EXERCISE DIRECTIONS:
When copying the data below, keep only the lines from the one with "With pioneering lettering" through the one with "Masażer wyposażony został", word for word, and skip the pictures.

DATASET EXTRACT:
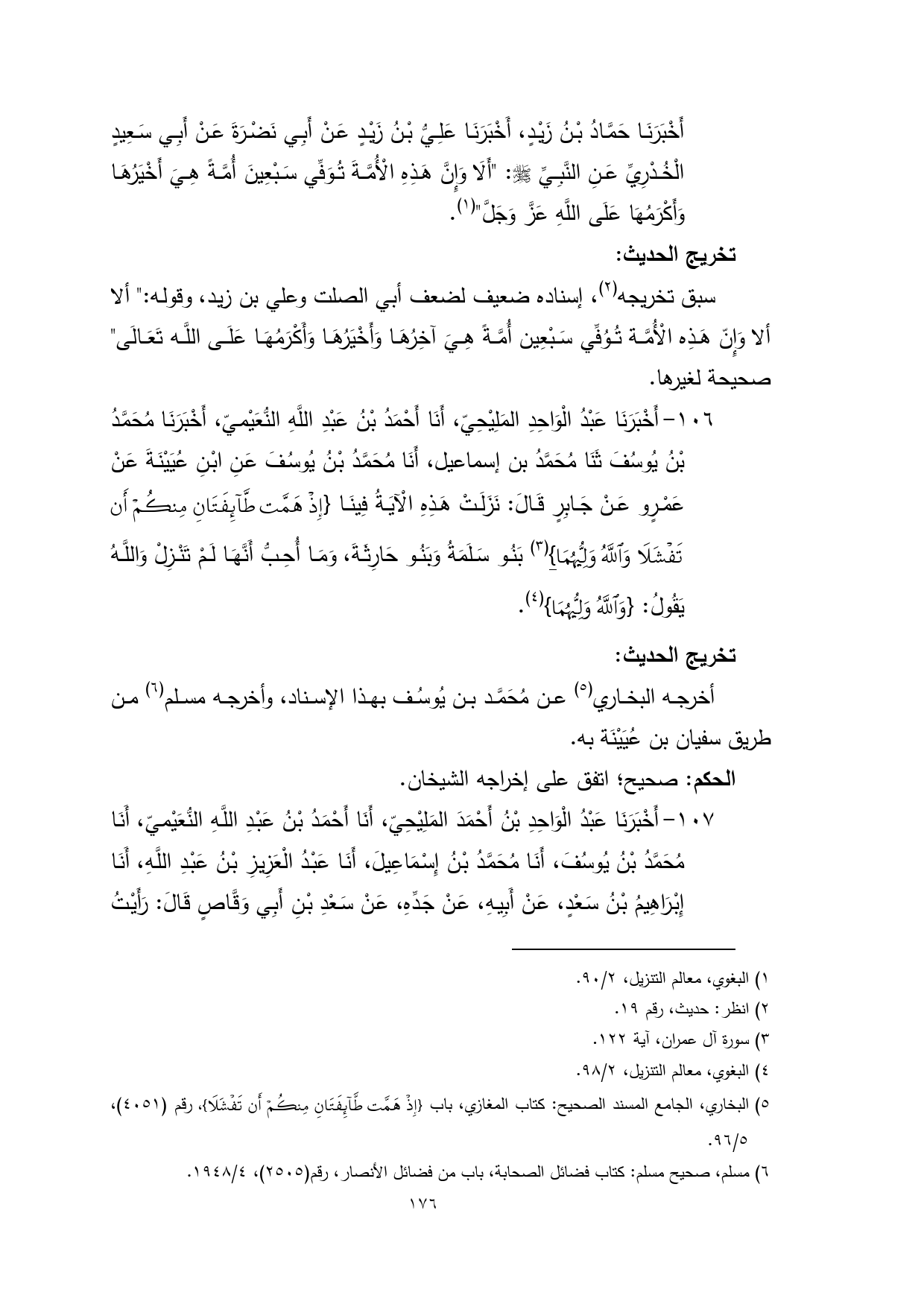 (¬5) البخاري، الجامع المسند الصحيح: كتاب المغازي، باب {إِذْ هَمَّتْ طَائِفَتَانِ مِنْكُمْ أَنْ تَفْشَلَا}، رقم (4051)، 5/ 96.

* * *

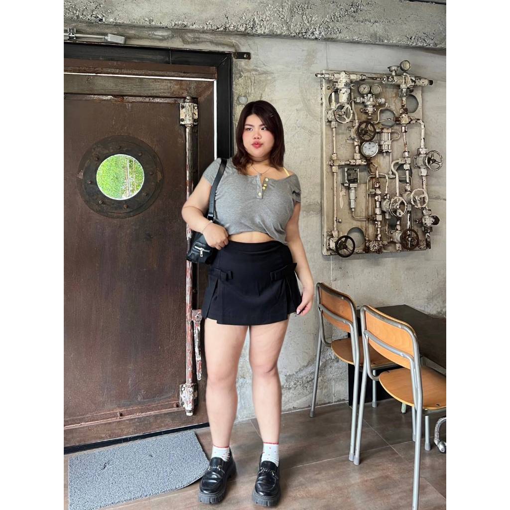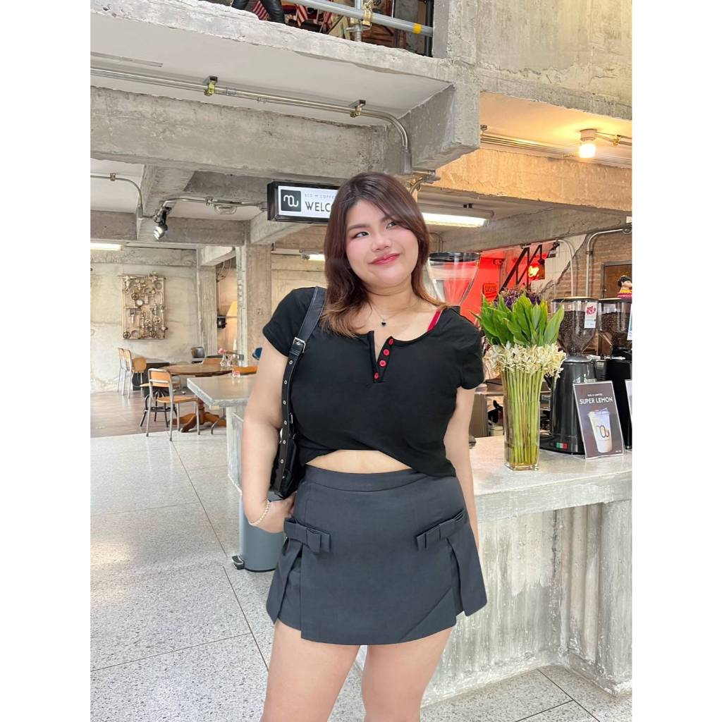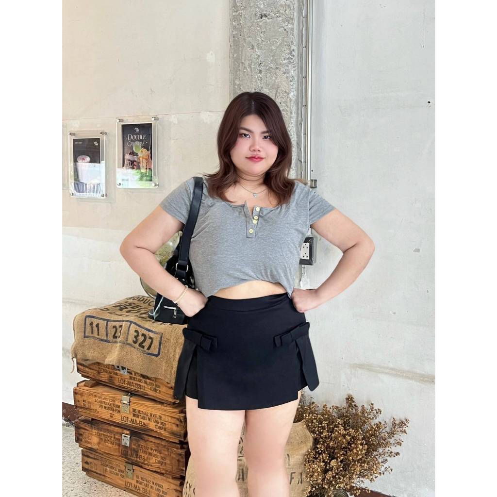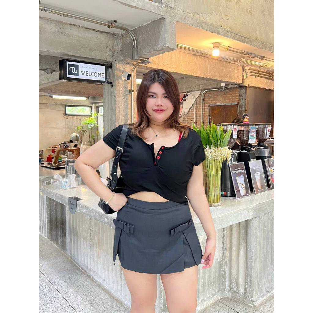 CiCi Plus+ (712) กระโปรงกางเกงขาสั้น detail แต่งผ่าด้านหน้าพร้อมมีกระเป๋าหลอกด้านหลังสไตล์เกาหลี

==

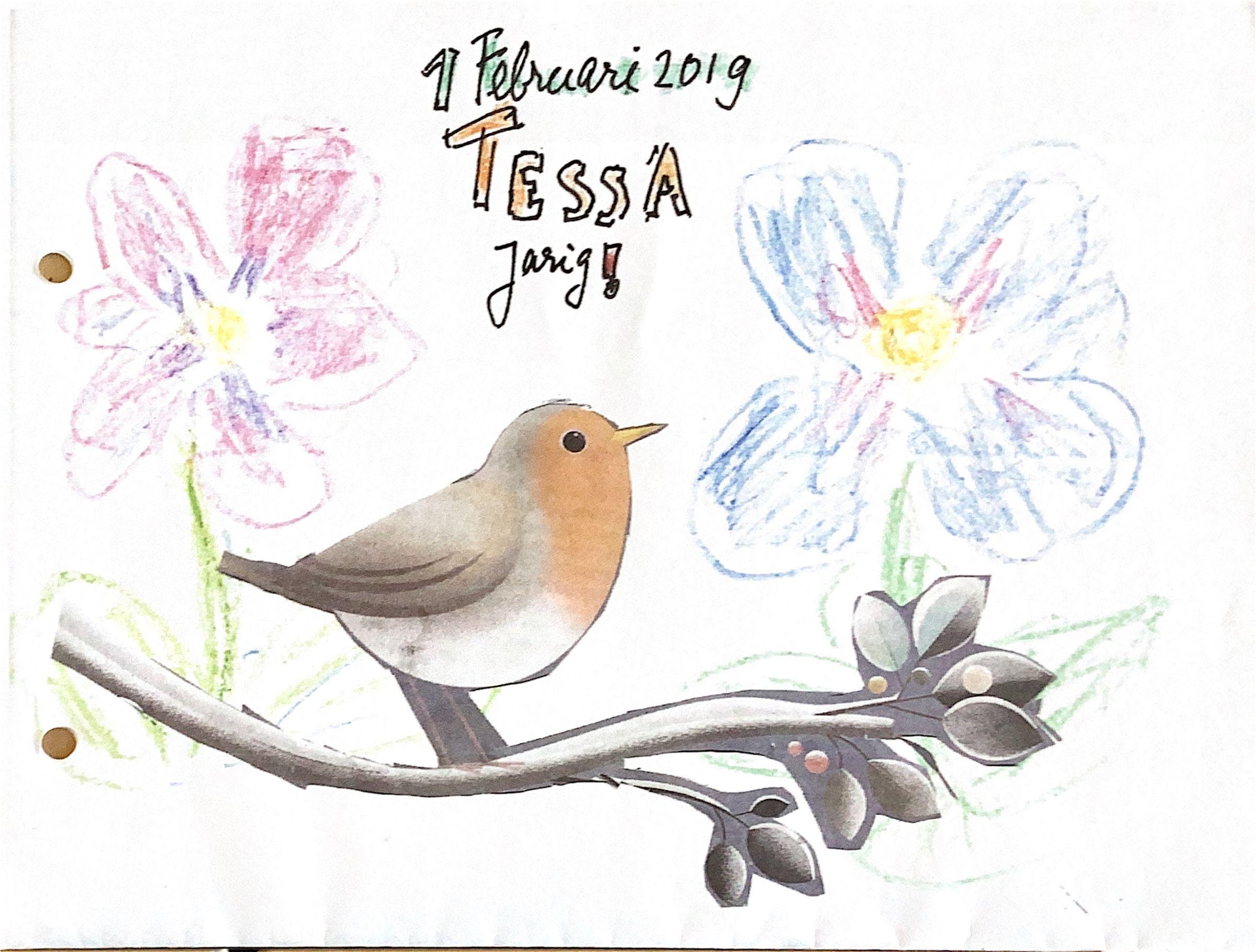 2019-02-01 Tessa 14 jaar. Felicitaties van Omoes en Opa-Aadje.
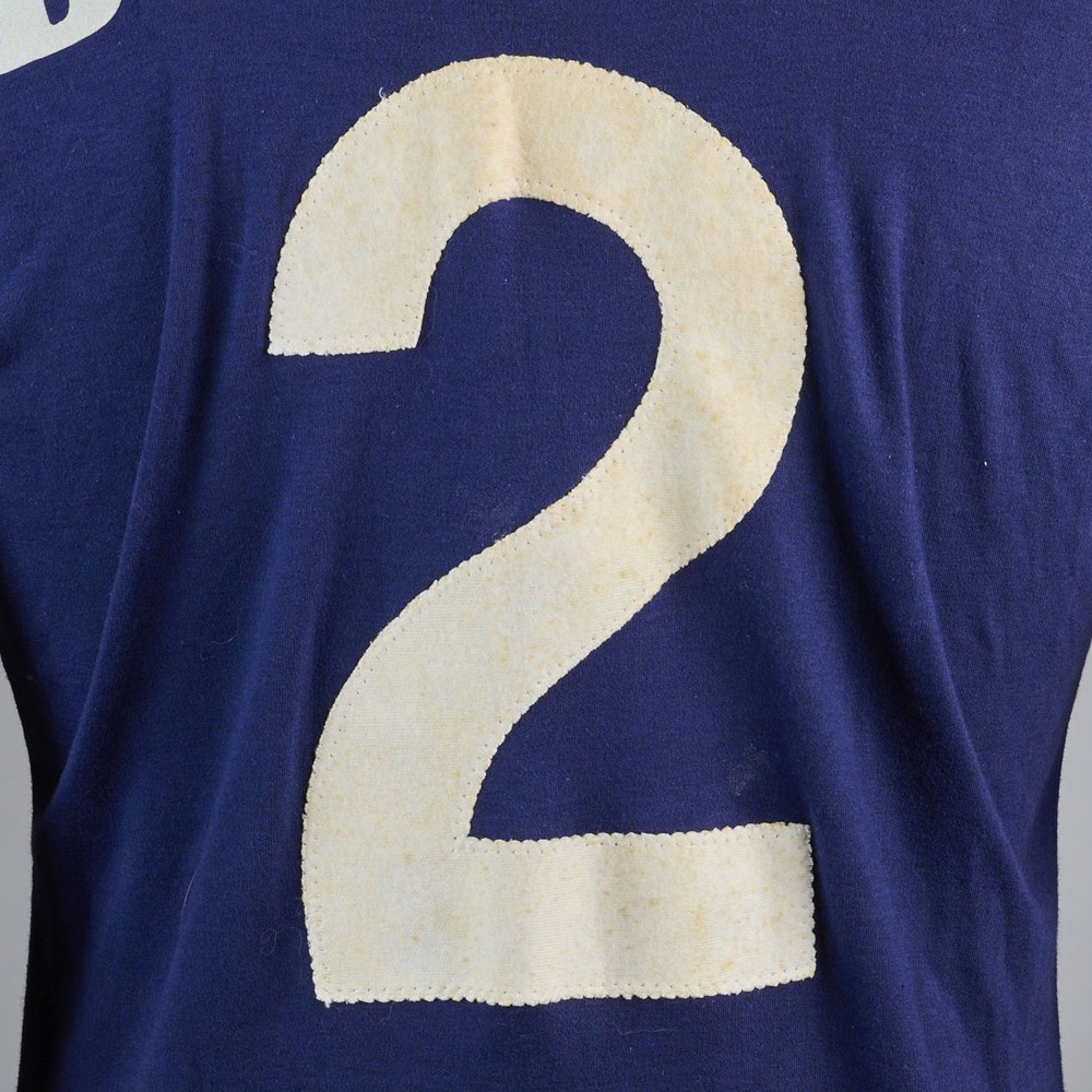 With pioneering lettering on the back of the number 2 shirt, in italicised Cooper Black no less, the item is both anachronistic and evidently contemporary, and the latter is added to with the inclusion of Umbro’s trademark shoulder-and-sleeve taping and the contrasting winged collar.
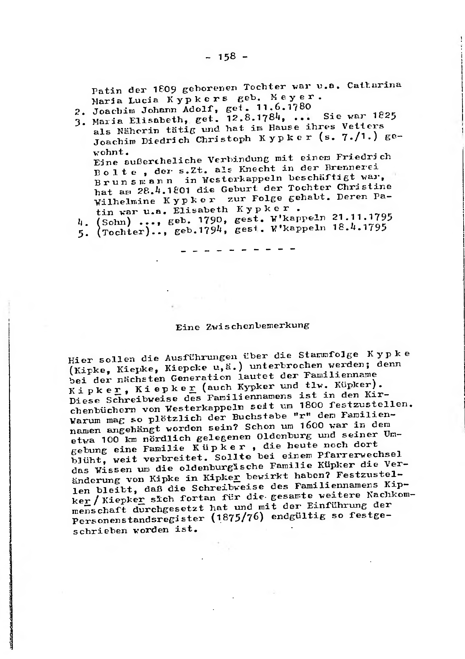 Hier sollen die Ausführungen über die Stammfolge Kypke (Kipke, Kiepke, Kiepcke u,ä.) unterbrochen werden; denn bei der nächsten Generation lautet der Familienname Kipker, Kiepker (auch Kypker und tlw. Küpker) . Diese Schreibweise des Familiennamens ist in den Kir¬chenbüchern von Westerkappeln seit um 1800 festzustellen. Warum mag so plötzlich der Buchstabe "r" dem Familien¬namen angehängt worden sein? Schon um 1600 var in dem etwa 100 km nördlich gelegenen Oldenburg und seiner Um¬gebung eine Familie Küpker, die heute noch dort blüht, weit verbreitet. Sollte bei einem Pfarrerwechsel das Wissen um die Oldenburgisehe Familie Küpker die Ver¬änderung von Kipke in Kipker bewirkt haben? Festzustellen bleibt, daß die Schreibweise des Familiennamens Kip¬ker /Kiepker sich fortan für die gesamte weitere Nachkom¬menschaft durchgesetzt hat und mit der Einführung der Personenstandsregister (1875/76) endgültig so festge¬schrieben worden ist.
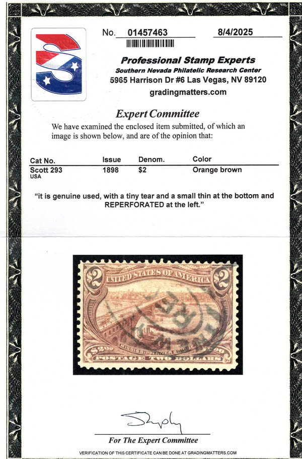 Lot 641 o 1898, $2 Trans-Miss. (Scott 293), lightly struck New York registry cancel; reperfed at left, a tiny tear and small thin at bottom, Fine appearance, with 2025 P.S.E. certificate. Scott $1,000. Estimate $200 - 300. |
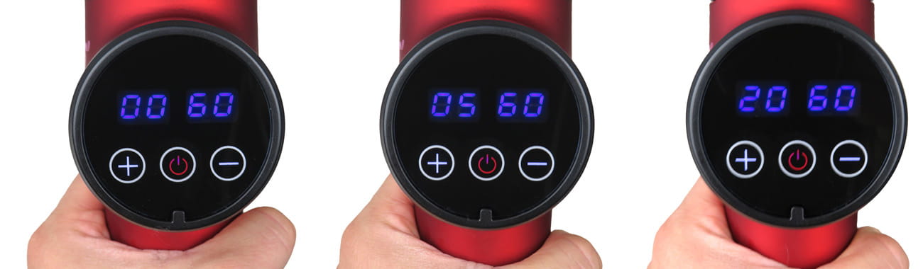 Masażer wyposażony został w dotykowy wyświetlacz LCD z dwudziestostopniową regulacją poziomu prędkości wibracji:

WORKED SOLUTION:
 With pioneering lettering on the back of the number 2 shirt, in italicised Cooper Black no less, the item is both anachronistic and evidently contemporary, and the latter is added to with the inclusion of Umbro’s trademark shoulder-and-sleeve taping and the contrasting winged collar.
 Hier sollen die Ausführungen über die Stammfolge Kypke (Kipke, Kiepke, Kiepcke u,ä.) unterbrochen werden; denn bei der nächsten Generation lautet der Familienname Kipker, Kiepker (auch Kypker und tlw. Küpker) . Diese Schreibweise des Familiennamens ist in den Kir¬chenbüchern von Westerkappeln seit um 1800 festzustellen. Warum mag so plötzlich der Buchstabe "r" dem Familien¬namen angehängt worden sein? Schon um 1600 var in dem etwa 100 km nördlich gelegenen Oldenburg und seiner Um¬gebung eine Familie Küpker, die heute noch dort blüht, weit verbreitet. Sollte bei einem Pfarrerwechsel das Wissen um die Oldenburgisehe Familie Küpker die Ver¬änderung von Kipke in Kipker bewirkt haben? Festzustellen bleibt, daß die Schreibweise des Familiennamens Kip¬ker /Kiepker sich fortan für die gesamte weitere Nachkom¬menschaft durchgesetzt hat und mit der Einführung der Personenstandsregister (1875/76) endgültig so festge¬schrieben worden ist.
 Lot 641 o 1898, $2 Trans-Miss. (Scott 293), lightly struck New York registry cancel; reperfed at left, a tiny tear and small thin at bottom, Fine appearance, with 2025 P.S.E. certificate. Scott $1,000. Estimate $200 - 300. |
 Masażer wyposażony został w dotykowy wyświetlacz LCD z dwudziestostopniową regulacją poziomu prędkości wibracji:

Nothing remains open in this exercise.